Ed Chi — Ed H. Chi - Google Research Scientist

At the recent CHI2011 conference, I was asked to serve as a panelist to discuss the issue of replication of research results. As part of this RepliCHI panel, I wrote an essay arguing for how replication isn’t just replication of experiments or rebuilding of systems, but instead it is used as an important step in building up greater understanding of a domain. Many panelist, including myself, were surprised when many people showed up at the panel (>100 people?), ready to discuss this seemingly dry academic issue. Here was my essay slightly edited:

One mainstream perspective on HCI is that it is a discipline built upon applied psychological science.
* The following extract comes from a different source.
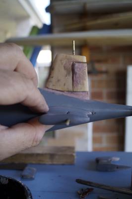 The bottom rudder , like the top has a raised section that will make location of the rudder easier. This was done by simply sanding a small piece of fig and gluing it down to the hull, filling around and sanding back.

Psychological science here refers to the understanding of mind and behavior, while ‘Applied’ here means that it is the application of approaches of methods, findings, models, and theories from the psychology domain. One only has to look at the CHI annual proceedings to see that it is full of borrowed methods from Experimental Psychology, a particularly approach to understanding mind and behavior based on scientific experimental methods. This approach worked well for HCI, since computers can be seen as a kind of stimuli that is not only interesting, but could augment cognition and intelligence [1].

Experimental psychology is based on the idea that, if you design the experiment and control the laboratory setting well enough, you have end up with evidences to believe that the results of the experiment will generalize. These ideas around controlled experiments of course form the basis of the Scientific Method. As part of the scientific discovery process, we ask researchers to document the methodology and results, so that it can be archived and replicated by others.
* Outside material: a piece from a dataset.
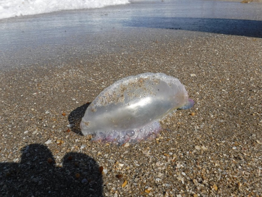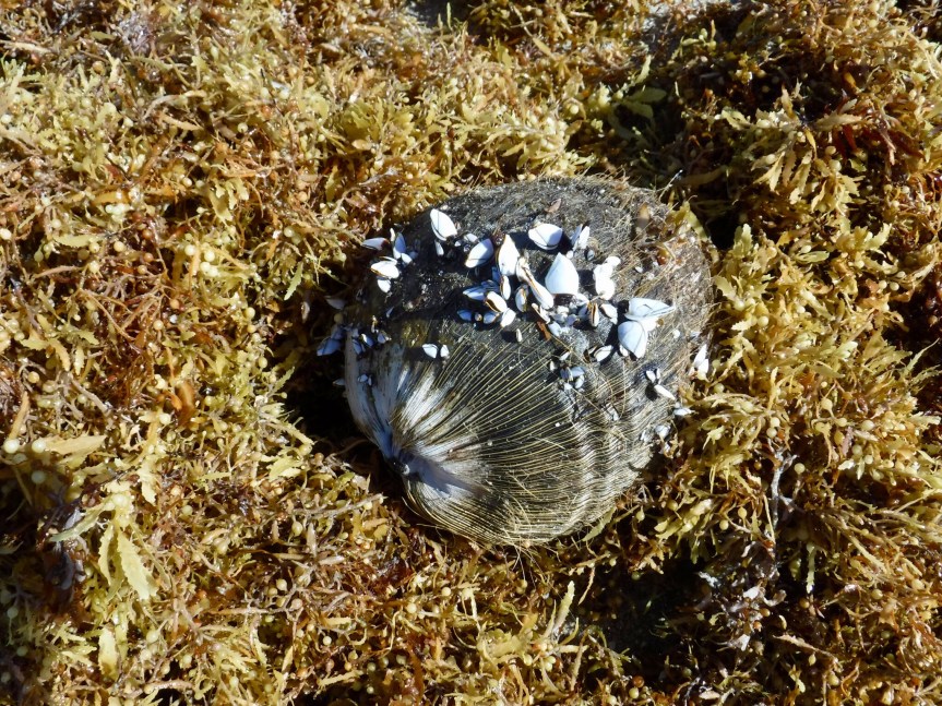 On the way back to Hutchinson Island, we grabbed a veggie delite sandwich at Subway and took it over to the beach in front of Holiday Out and sat on the sand and refueled. There were a handful of oldies from the community lounging on the beach dodging the high tide and the abundance of sargasso weed that was washing up on the shore. We jumped in for a swim but the seaweed was thick we didn’t stay in too long. We took a stroll up the beach to check things out but didn’t see much other than a man o’ war and a washed up coconut with a bunch of shellfish growing on it.

But my position is that replication is not the only goal. More importantly, if there are limitations to the study, later experiments might expand on the original experiment to examine new contexts and other variables. In these ways, the idea behind the replication and reproducibility of experiments is not just to ensure validity of the results, but it is also an essential part of the scientific dialog. After all, the reason we value research publications so much is not just because they document and archive the results of the research, but also that others might literally stand on the shoulder of giants, to reproduce *and* to build on top of the results.

Take for example, the great CHI 97 Browse Off in Atlanta which aimed to put together a number of hierarchical browsers to see which is the ‘best’. At the event, the Hyperbolic Browser [2] was the clear winner. While the event was not meant to be a controlled experiment, but it was widely publicized, especially amongst information visualization researchers. Several years later, this experiment was replicated in a laboratory setting at PARC [3] with the top 2 performing systems during the event — Hyperbolic Browser and Windows Explorer. Not just once, but twice, under different task conditions!
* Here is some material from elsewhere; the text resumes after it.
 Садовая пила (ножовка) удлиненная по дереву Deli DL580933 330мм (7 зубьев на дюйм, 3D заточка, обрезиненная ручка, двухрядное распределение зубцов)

In the first experiment, the results were at odds with the Browse Off. Not only were there no difference between the browsers in terms of performance, it appears that subject variation had more effect on the results than any other variable.

Further analyses showed that there was an interesting interaction effect between the amount of information scent available via the interface conditions and performance, with better information scent resulting in lower retrieval task times with Hyperbolic Browser.

In the second experiment, when restricted to retrieval tasks rather than including comparison tasks also, Hyperbolic Browser was faster, and users appears to learn more of the tree structure than Explorer.

What’s interesting is the interpretation of the results suggest that squeezing more information onto the screen does not improve subject perceptual and search performance. Instead, the experiment show that there is a very complex interaction between visual attention/search with density of information of the display. Under high scent conditions, information seems to ‘pop out’ in the hyperbolic browser, helping to achieve higher performance.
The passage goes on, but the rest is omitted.